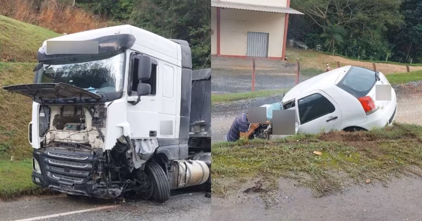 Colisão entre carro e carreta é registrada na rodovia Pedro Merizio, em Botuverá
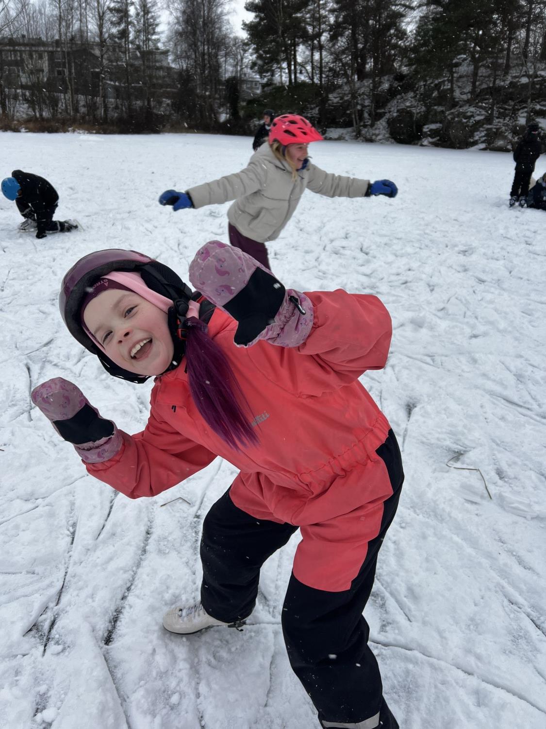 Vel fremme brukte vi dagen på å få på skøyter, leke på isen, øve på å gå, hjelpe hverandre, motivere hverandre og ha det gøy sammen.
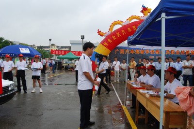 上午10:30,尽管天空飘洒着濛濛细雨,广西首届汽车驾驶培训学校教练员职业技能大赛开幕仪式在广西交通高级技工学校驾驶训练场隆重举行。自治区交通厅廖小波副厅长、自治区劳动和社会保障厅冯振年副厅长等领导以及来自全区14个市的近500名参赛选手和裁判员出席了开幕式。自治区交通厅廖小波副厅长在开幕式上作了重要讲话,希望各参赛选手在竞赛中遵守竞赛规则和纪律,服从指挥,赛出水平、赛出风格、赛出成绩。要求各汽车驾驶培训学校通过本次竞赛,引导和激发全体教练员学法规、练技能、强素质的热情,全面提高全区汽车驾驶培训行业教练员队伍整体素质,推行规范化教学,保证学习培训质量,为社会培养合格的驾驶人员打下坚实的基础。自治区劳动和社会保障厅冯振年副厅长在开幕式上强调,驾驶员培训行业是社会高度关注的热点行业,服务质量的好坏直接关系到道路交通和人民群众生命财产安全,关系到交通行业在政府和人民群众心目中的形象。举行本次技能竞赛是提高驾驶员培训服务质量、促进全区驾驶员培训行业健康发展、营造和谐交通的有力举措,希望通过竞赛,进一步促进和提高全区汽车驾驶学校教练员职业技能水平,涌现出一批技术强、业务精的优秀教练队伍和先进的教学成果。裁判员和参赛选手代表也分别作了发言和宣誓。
---
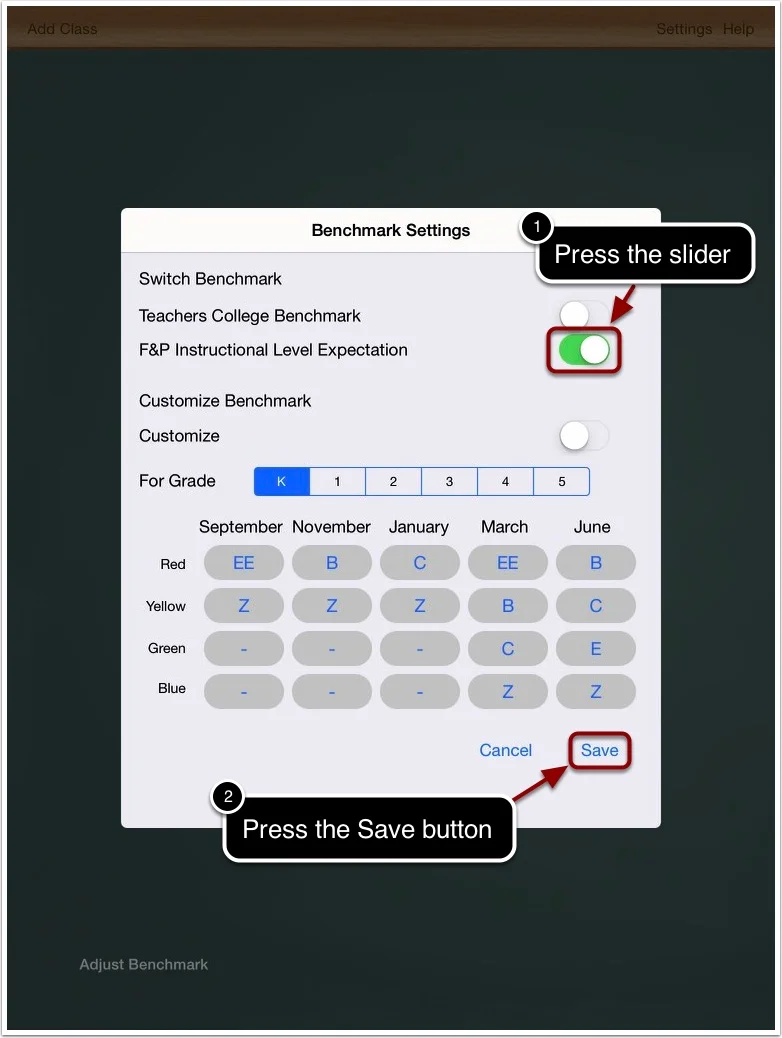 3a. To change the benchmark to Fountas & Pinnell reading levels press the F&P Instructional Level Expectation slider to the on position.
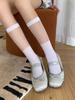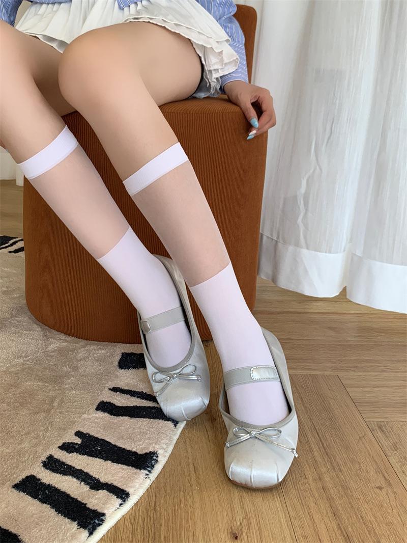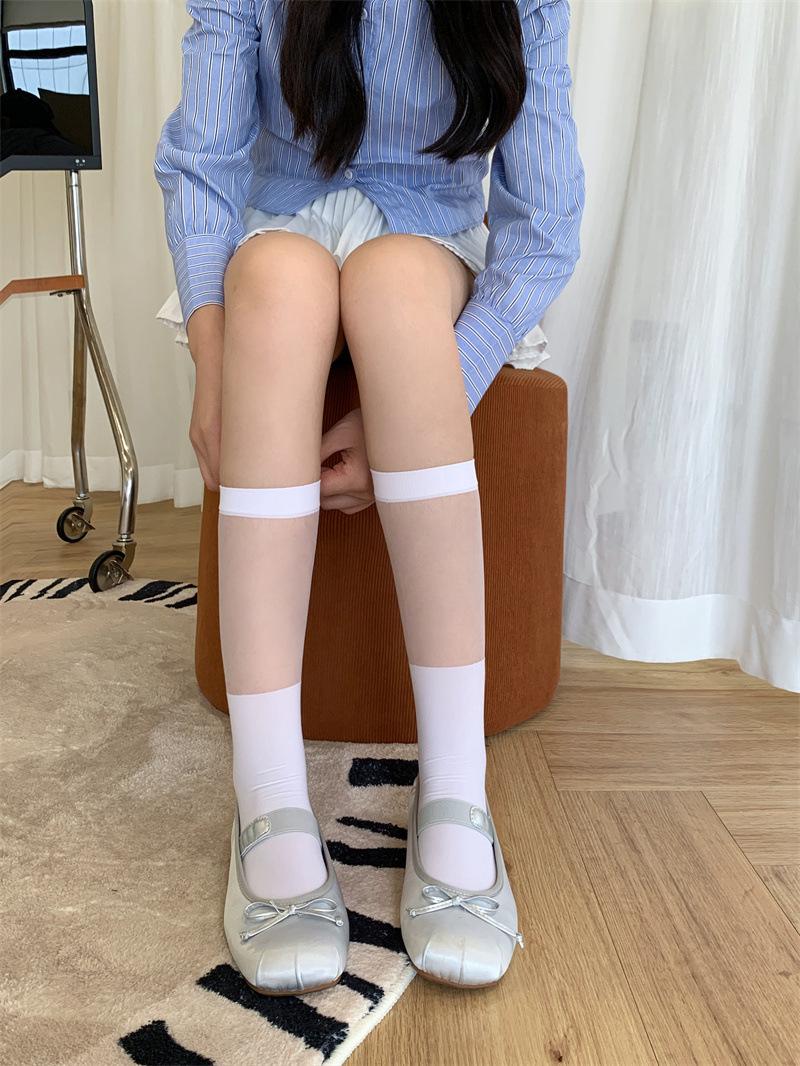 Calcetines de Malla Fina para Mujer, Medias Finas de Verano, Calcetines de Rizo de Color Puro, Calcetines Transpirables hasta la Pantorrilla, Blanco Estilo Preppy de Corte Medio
==
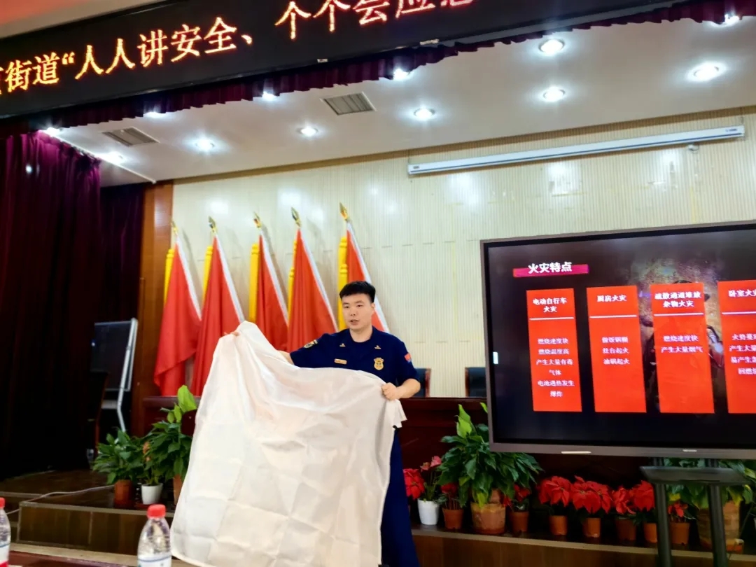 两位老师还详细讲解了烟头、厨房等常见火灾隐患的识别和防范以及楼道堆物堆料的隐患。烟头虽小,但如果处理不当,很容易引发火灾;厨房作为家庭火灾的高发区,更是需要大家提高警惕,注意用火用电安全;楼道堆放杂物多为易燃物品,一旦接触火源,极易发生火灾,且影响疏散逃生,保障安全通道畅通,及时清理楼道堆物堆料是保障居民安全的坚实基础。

→ What this task involves: Only the lines starting at the one with "Colisão entre carro" and ending at the one with "Vel fremme brukte" should be printed, each exactly as it appears in the material above; the pictures are to be omitted.

→ Exercise solution:
 Colisão entre carro e carreta é registrada na rodovia Pedro Merizio, em Botuverá
 Vel fremme brukte vi dagen på å få på skøyter, leke på isen, øve på å gå, hjelpe hverandre, motivere hverandre og ha det gøy sammen.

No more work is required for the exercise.